Summary contributed by our researcher Alexandrine Royer, who works at The Foundation for Genocide Education.

*Authors of full paper & link at the bottom


Mini-summary: The biases present in machine learning datasets, which revealed themselves to favour white, cisgender, male and Western subjects, have received a considerable amount of scholarly attention. Denton et al. argue that the scientific community has failed to consider the histories, values, and norms that construct and pervade such datasets. The authors intend to create a research program, what they termed the genealogy of machine learning, that works to understand how and why such datasets are created. By turning our attention to data collection, and specifically the labour involved in dataset creation, we can “bring the people back in” the machine learning process.
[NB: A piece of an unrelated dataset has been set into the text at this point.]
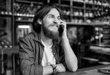 Young bearded brown-haired man talking on mobile phone in a loft cafe

For Denton et al., understanding the labour embedded in the dataset will push researchers to critically reflect on the type and origin of the data they are using and thereby contest some of its applications.

Full summary:

In recent years, industry and non-industry members have decried the prevalence of biased datasets against people of colour, women, LGBTQ+ communities, people with disabilities, and the working class within AI algorithms and machine learning systems. Due to societal backlash, data scientists have concentrated on adjusting the outputs of these systems. Fine-tuning algorithms to achieve “fairer results” have prevented, according to Denton et al., data scientists from questioning the data infrastructure itself, especially when it comes to benchmarks datasets.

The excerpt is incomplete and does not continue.